Implementation of Google's SELF-DISCOVER

SELF-DISCOVER

This implements Google's algorithm from https://arxiv.org/pdf/2402.03620.pdf

Setup

Install Conda: https://docs.conda.io/projects/miniconda/en/latest/

conda create -n sd python=3.10 -y && conda activate sd

git clone https://github.com/catid/self-discover.git
cd self-discover

pip install -r requirements.txt

Demo

Edit self_discover.py to add your OpenAI API key.

python self_discover.py

Output

I ran this using a self-hosted Miqu 70B model ( https://huggingface.co/LoneStriker/miqu-1-70b-sf-4.0bpw-h6-exl2 ) on two 4090 GPUs.

This is querying for the default task:

Lisa has 10 apples. She gives 3 apples to her friend and then buys 5 more apples from the store. How many apples does Lisa have now?

(The answer is 12.)
(sd) ➜  self-discover git:(main) ✗ python self_discover.py

Stage 1 SELECT: Selected Modules:
 9. How can I break down this problem into smaller, more manageable parts?

The problem can be broken down into two parts: first, calculating how many apples Lisa has after giving some away, and second, calculating how many apples she has after buying more.

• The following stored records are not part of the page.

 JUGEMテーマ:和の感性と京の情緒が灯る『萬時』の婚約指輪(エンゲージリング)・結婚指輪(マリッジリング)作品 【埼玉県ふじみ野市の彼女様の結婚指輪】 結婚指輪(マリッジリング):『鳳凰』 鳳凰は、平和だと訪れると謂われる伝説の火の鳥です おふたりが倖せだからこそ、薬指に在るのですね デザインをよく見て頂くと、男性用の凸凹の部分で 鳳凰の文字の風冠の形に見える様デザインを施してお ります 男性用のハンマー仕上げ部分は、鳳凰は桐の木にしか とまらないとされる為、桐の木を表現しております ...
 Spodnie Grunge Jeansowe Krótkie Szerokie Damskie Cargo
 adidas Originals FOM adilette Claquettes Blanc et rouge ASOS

This approach simplifies the problem and makes it easier to solve.

Additionally, 10. Critical Thinking: This style involves analyzing the problem from different perspectives, questioning assumptions, and evaluating the evidence or information available. It focuses on logical reasoning, evidence-based decision-making, and identifying potential biases or flaws in thinking.

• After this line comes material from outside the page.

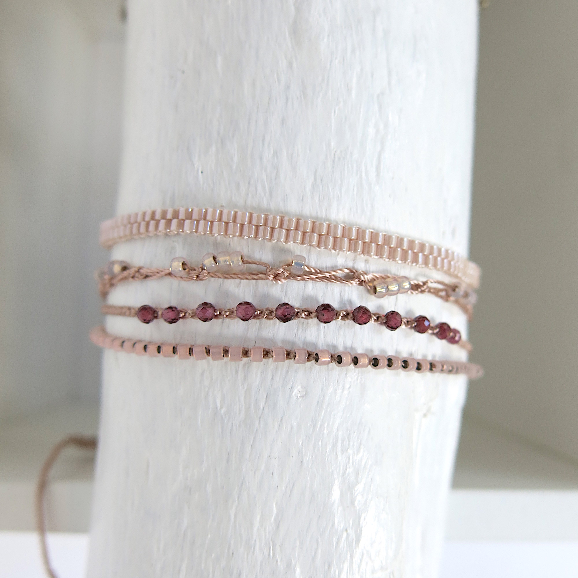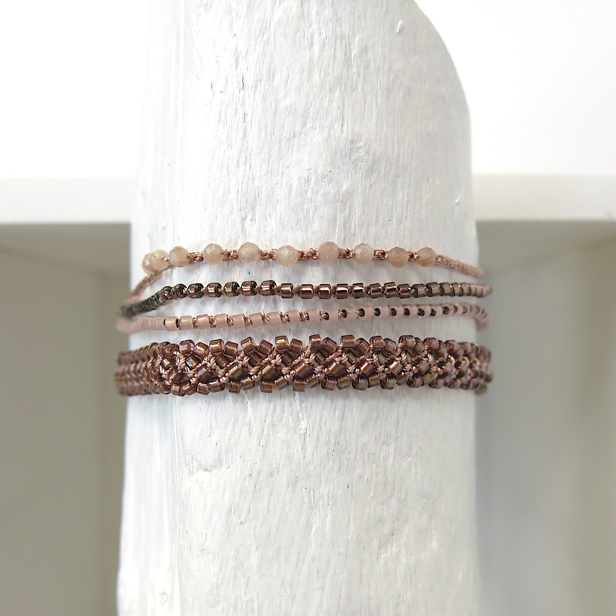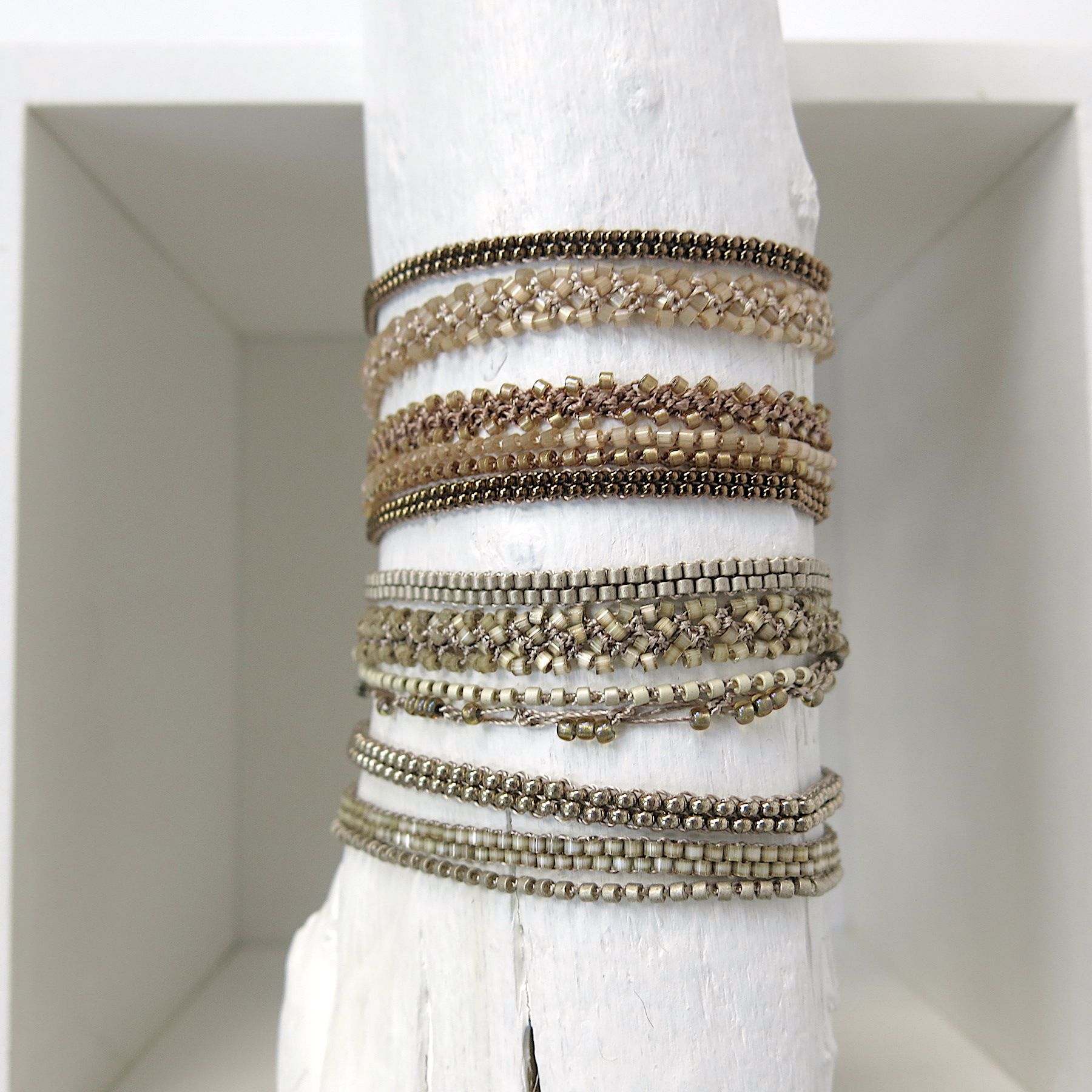 Die Armbänder sind so leicht, dass man Sie immer tragen kann. Selbst zum Duschen, Baden können Sie sie anlassen. Die hochwertigen MIYUKI Perlen und das feine Polyester Garn sind sehr beständig.
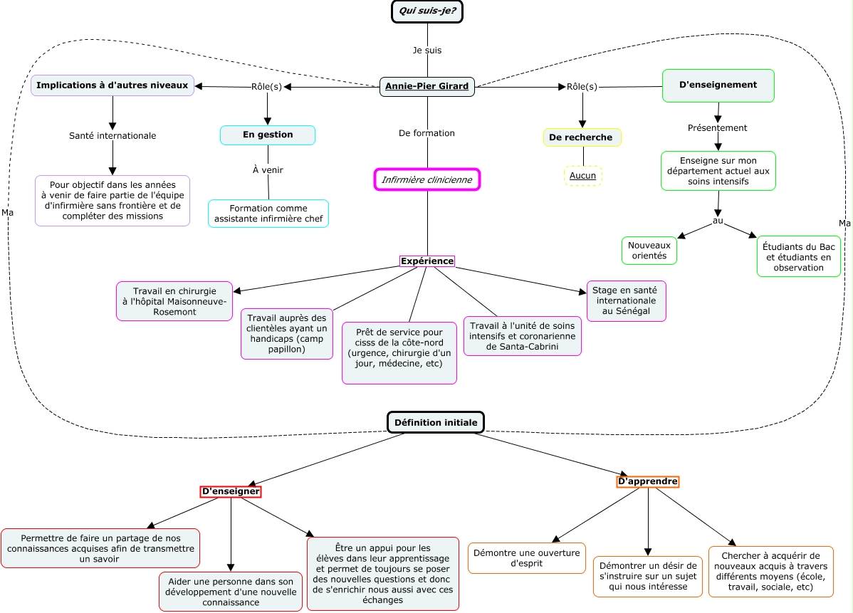 Cette carte de concepts créée avec IHMC CmapTools traite de: Presentation_APGirard, Implications à d'autres niveaux Santé internationale Pour objectif dans les années à venir de faire partie de l'équipe d'infirmière sans frontière et de compléter des missions, Annie-Pier Girard Rôle(s) En gestion, Définition initiale D'enseigner Aider une personne dans son développement d'une nouvelle connaissance, Définition initiale D'enseigner Permettre de faire un partage de nos connaissances acquises afin de transmettre un savoir, Enseigne sur mon département actuel aux soins intensifs au Nouveaux orientés, Qui suis-je? Je suis Annie-Pier Girard, De recherche Aucun, Implications à d'autres niveaux Santé internationale Pour objectif dans les années à venir de faire partie de l'équipe d'infirmière sans frontière et de compléter des missions, Définition initiale D'enseigner Être un appui pour les élèves dans leur apprentissage et permet de toujours se poser des nouvelles questions et donc de s'enrichir nous aussi avec ces échanges, Annie-Pier Girard Rôle(s) D'enseignement, Infirmière clinicienne Expérience Travail à l'unité de soins intensifs et coronarienne de Santa-Cabrini, Enseigne sur mon département actuel aux soins intensifs au Étudiants du Bac et étudiants en observation, Infirmière clinicienne Expérience Travail en chirurgie à l'hôpital Maisonneuve- Rosemont, En gestion À venir Formation comme assistante infirmière chef, Infirmière clinicienne Expérience Travail auprès des clientèles ayant un handicaps (camp papillon), Annie-Pier Girard Rôle(s) De recherche, Annie-Pier Girard Rôle(s) Implications à d'autres niveaux, Annie-Pier Girard Ma Définition initiale, Annie-Pier Girard De formation Infirmière clinicienne, D'enseignement Présentement Enseigne sur mon département actuel aux soins intensifs

Critical thinking is always relevant in problem-solving as it helps to ensure that the solution is based on sound reasoning and evidence. In this case, it can help to confirm that the problem is being interpreted correctly and that the solution is logical and accurate.

Therefore, both 9 and 10 are relevant reasoning modules for this problem.

Stage 1 ADAPT: Adapted Modules:
 1. Breaking down the problem:
The problem can be broken down into two smaller tasks:

a) Calculate how many apples Lisa has after giving 3 to her friend.
b) Calculate how many apples Lisa has after buying 5 more apples from the store.

By breaking down the problem into these smaller tasks, it becomes easier to solve.

2. Critical thinking:
Apply critical thinking to ensure that the problem is being interpreted correctly and that the solution is logical and accurate. This involves:

a) Confirming that the problem is understood correctly (Lisa starts with 10 apples, gives away 3, and buys 5 more).
b) Ensuring that the order of operations is followed correctly (subtracting the apples given away before adding the apples bought).
c) Double-checking the calculations to ensure accuracy.

By applying critical thinking, you can be confident that the solution is based on sound reasoning and evidence.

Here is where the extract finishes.